START RAW DATA

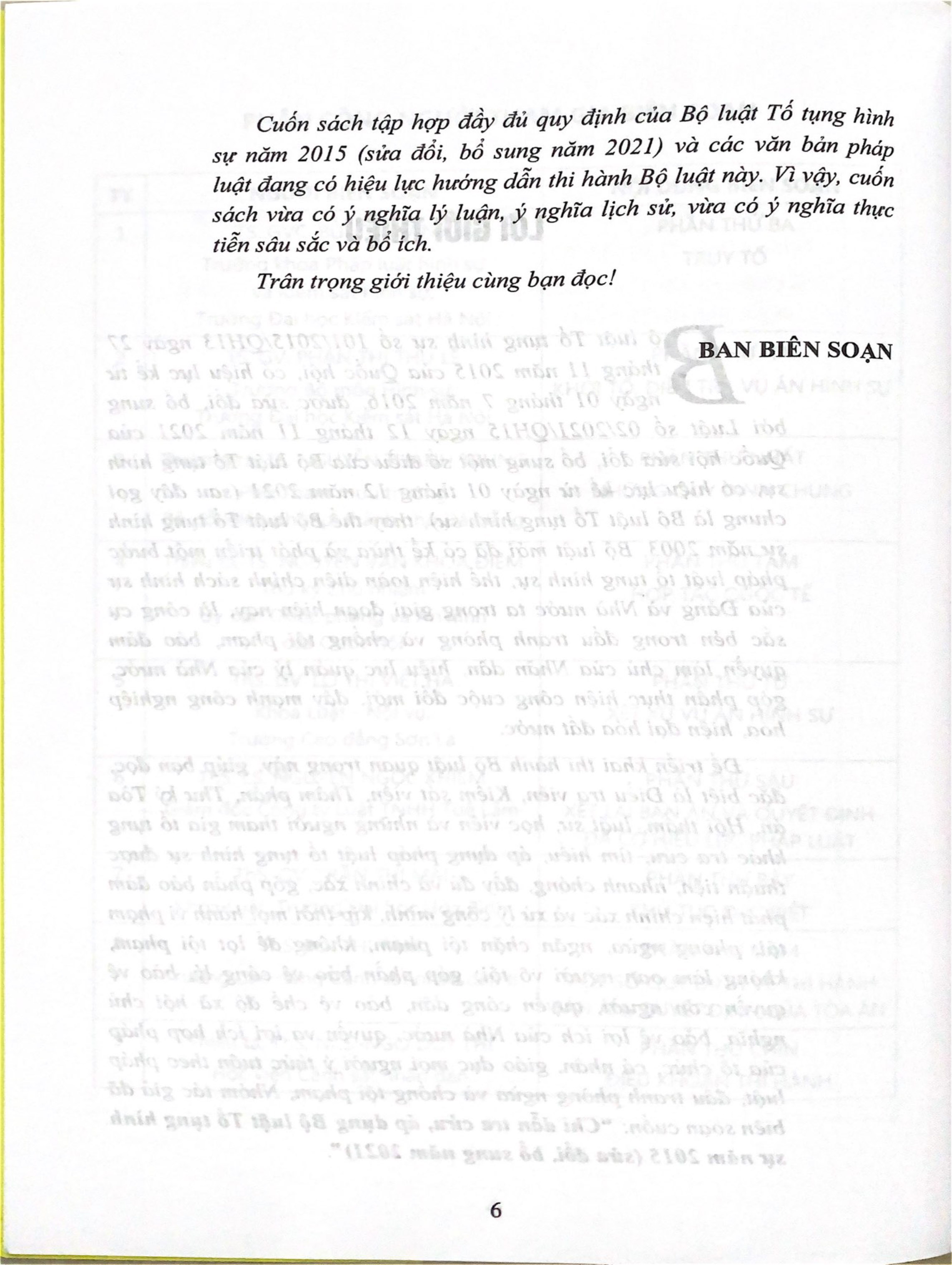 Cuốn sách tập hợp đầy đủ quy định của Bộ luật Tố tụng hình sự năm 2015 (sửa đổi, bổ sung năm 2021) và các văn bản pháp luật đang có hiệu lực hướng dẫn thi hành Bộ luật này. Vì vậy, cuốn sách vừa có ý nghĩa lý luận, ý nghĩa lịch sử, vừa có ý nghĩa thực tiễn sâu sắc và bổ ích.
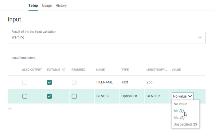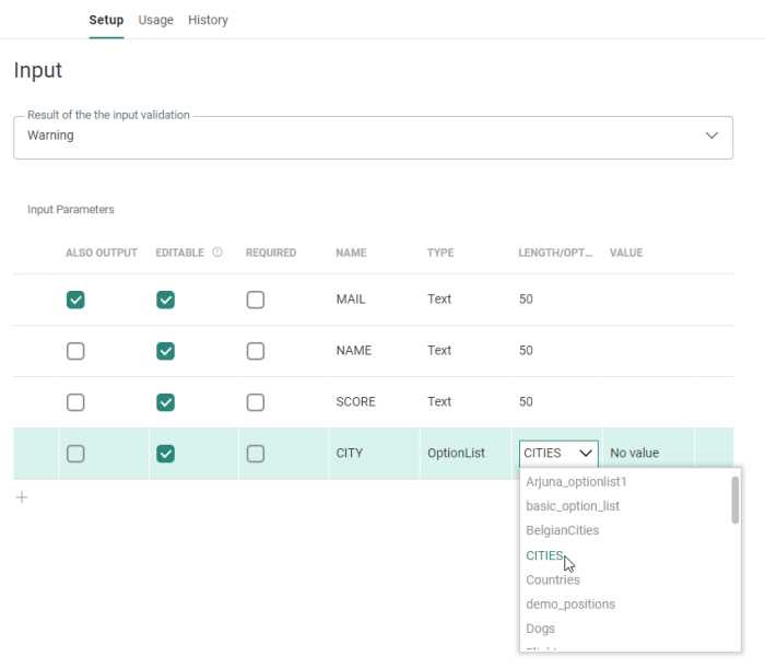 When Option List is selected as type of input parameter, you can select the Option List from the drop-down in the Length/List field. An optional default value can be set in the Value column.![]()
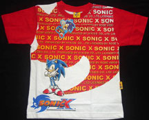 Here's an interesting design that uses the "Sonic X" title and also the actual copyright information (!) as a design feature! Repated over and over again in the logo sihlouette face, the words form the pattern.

END RAW DATA

Transcribe the data verbatim. No picture belongs in the result.

 Cuốn sách tập hợp đầy đủ quy định của Bộ luật Tố tụng hình sự năm 2015 (sửa đổi, bổ sung năm 2021) và các văn bản pháp luật đang có hiệu lực hướng dẫn thi hành Bộ luật này. Vì vậy, cuốn sách vừa có ý nghĩa lý luận, ý nghĩa lịch sử, vừa có ý nghĩa thực tiễn sâu sắc và bổ ích.
 When Option List is selected as type of input parameter, you can select the Option List from the drop-down in the Length/List field. An optional default value can be set in the Value column.![]()
 Here's an interesting design that uses the "Sonic X" title and also the actual copyright information (!) as a design feature! Repated over and over again in the logo sihlouette face, the words form the pattern.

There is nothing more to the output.